Pretending is an art that’s second nature with me. But don’t be fooled, for God’s sake don’t be fooled. I give you the impression that I’m secure, that all is sunny and unruffled with me, within as well as without, that confidence is my name, and coolness my game, that the water’s calm, and I’m in command, and that I need no one. But don’t believe me. Please!
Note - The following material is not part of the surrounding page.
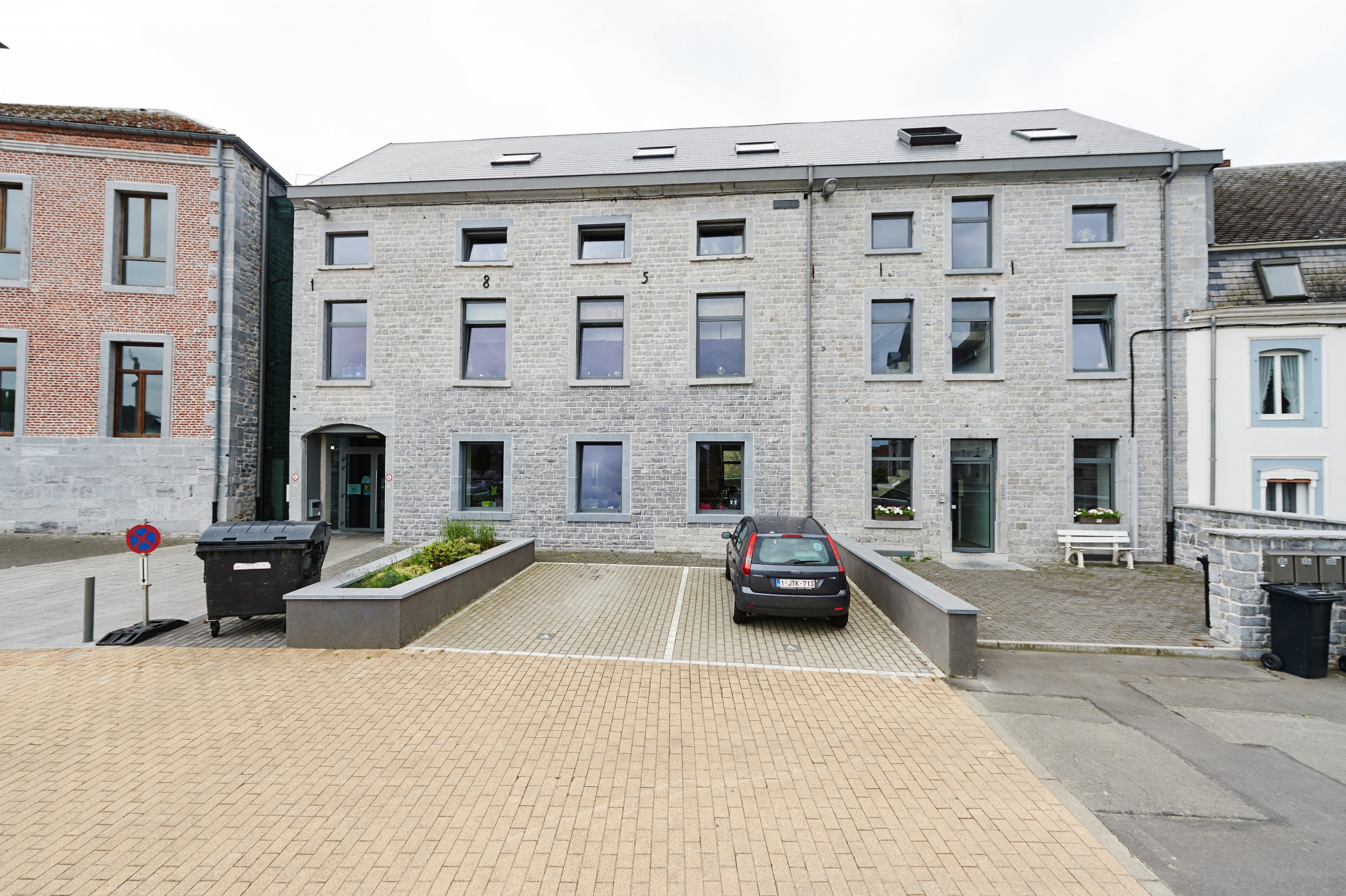 Le bâtiment est composé de 2 ailes entourant un jardin entièrement emmuré. Une rénovation lourde était indispensable afin d’adapter la nouvelle affectation aux exigences actuelles d’isolation, de confort et de sécurité. Le projet associe un centre administratif (C.P.A.S., services) à une salle des fêtes et à 5 logements publics.

My surface may be smooth, but my surface is my mask, my ever-varying and ever-concealing mask. Beneath lies no smugness, no complacence. Beneath dwells the real me in confusion, in fear, in aloneness. But I hide this. I don’t want anybody to know it. I panic at the thought of my weaknesses and fear exposing them. That’s why I frantically create my masks to hide behind. They’re nonchalant, sophisticated facades to help me pretend, to shield me from the glance that knows. But such a glance is precisely my salvation, my only salvation, and I know it. That is, if it’s followed by acceptance, and if it’s followed by love. It’s the only thing that can liberate me from myself, from my own self-built prison walls, from the barriers that I so painstakingly erect. That glance from you is the only thing that assures me of what I can’t assure myself, that I’m really worth something.
But I don’t tell you this. I don’t dare. I am afraid to. I’m afraid you’ll think less of me, that you’ll laugh, and your laugh would kill me. I’m afraid that deep-down I’m nothing, that I’m just no good and you will see this and reject me. So I play my game, my desperate, pretending game with a facade of assurance without and a trembling child within. So begins the parade of masks, the glittering but empty parade of masks, and my life becomes a front. I idly chatter to you in suave tones of surface talk. I tell you everything that’s nothing and nothing of what’s everything, of what’s crying within me. So when I’m going through my routine do not be fooled by what I’m saying. Please listen carefully and try to hear what I’m not saying, hear what I’d like to say, but what I can not say.
I dislike hiding. Honestly. I dislike the superficial game I’m playing, the superficial phony game. I’d really like to be genuine and me. But I need your help, your hand to hold, even though my masks would tell you otherwise.
It will not be easy for you. Long felt inadequacies make my defense strong. The nearer you approach me, the blinder I may strike back. Despite what books say, I am irrational; I fight against the very thing that I cry out for. You wonder who I am. You shouldn’t for I am every man and every woman who wears a mask. Don’t be fooled by me, at least not by the face I wear.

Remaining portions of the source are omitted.